Excerpts from a dataset

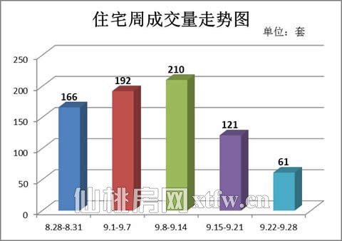 金九前两周成交量保持增长后,后两周的销量持续走低,上周住宅更是以61套的成交量创9月成交值低,上周为9月后一周,金九结束是传统的银十季,各家的促销优惠活动会持续加大,随着房企入市量的加大和为金九银十冲销量推出的各类优惠活动,希望房企为了冲刺年底销售业绩能为市场带来新一轮活力。
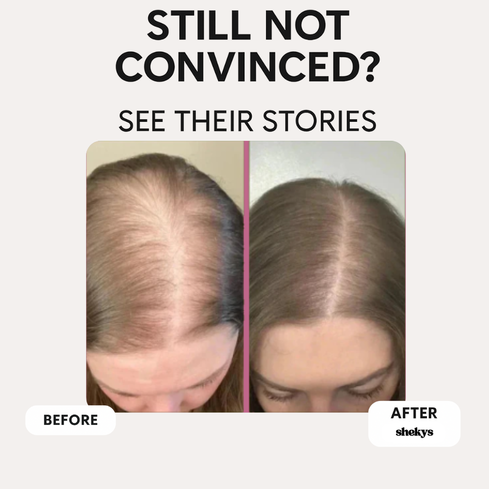 Shekys contains Green Tea Leaf Extract & Caffeine. These are powerful factors that help reduce DHT, making way for new, healthy hair growth. This combination helps restore hair density, for a complete scalp rejuvenation
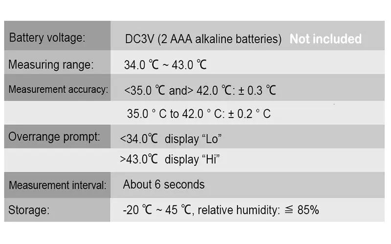 Measuring range: 34.0 ℃ ~ 43.0 ℃
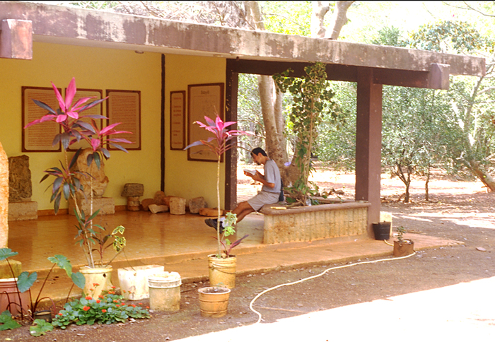 Ticket office, with signs and small display.       Jan. 2002
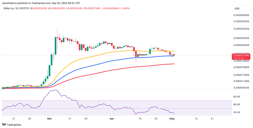SHIB의 최근 상황을 고려하면 이는 극적일 수 있습니다. SHIB은 연초 고점 대비 60% 급락하며 50일 지수이동평균 아래로 떨어졌고, 100일 EMA 수준에서 겨우 지지선을 찾았습니다.
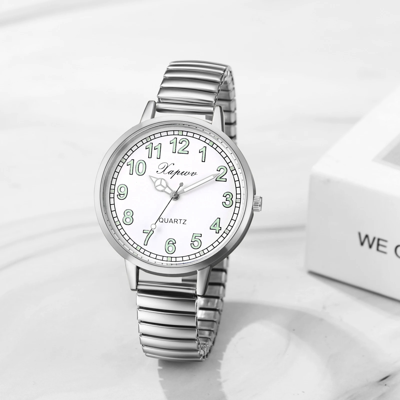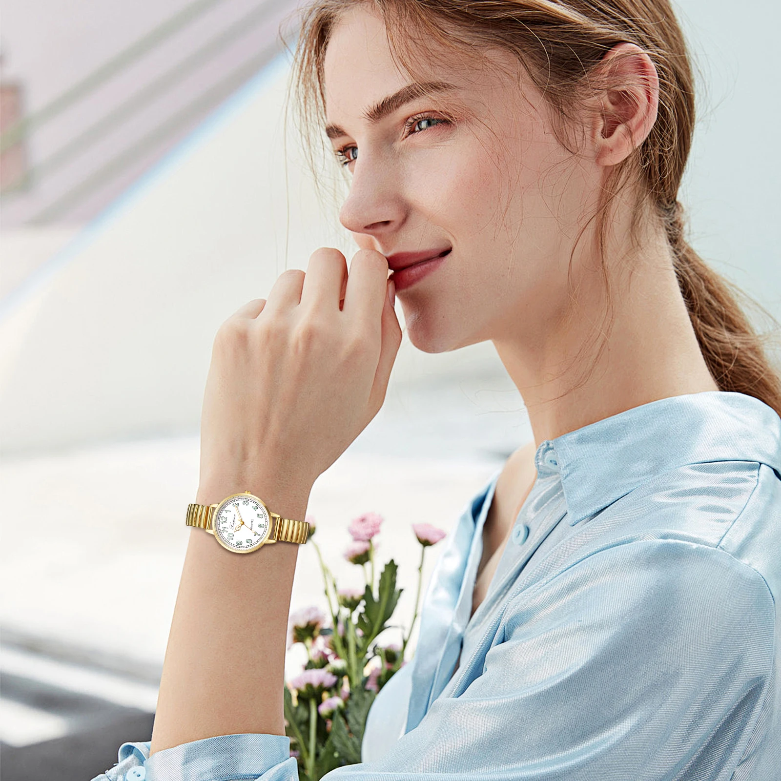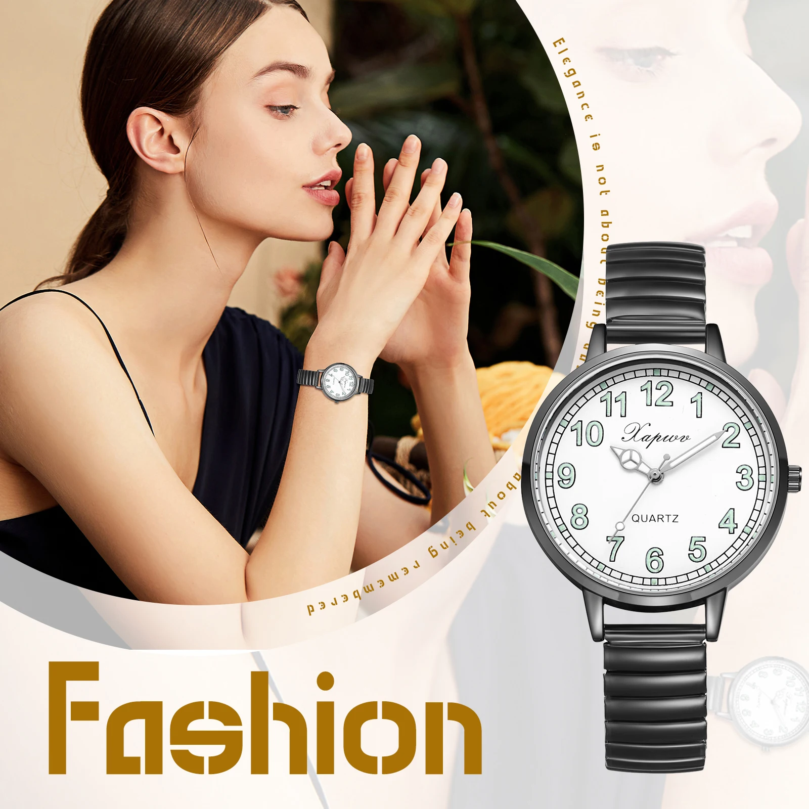 LANCARDO Elastic Women Watch Waterproof Luminous Scale and Hand Hard Steel Bracelet Elastic Strap Watch Simulates Quartz

#### [Instructions to follow]
In your copy, omit the pictures and restate every line of the data word for word.

#### [Response below]
 金九前两周成交量保持增长后,后两周的销量持续走低,上周住宅更是以61套的成交量创9月成交值低,上周为9月后一周,金九结束是传统的银十季,各家的促销优惠活动会持续加大,随着房企入市量的加大和为金九银十冲销量推出的各类优惠活动,希望房企为了冲刺年底销售业绩能为市场带来新一轮活力。
 Shekys contains Green Tea Leaf Extract & Caffeine. These are powerful factors that help reduce DHT, making way for new, healthy hair growth. This combination helps restore hair density, for a complete scalp rejuvenation
 Measuring range: 34.0 ℃ ~ 43.0 ℃
 Ticket office, with signs and small display.       Jan. 2002
SHIB의 최근 상황을 고려하면 이는 극적일 수 있습니다. SHIB은 연초 고점 대비 60% 급락하며 50일 지수이동평균 아래로 떨어졌고, 100일 EMA 수준에서 겨우 지지선을 찾았습니다.
 LANCARDO Elastic Women Watch Waterproof Luminous Scale and Hand Hard Steel Bracelet Elastic Strap Watch Simulates Quartz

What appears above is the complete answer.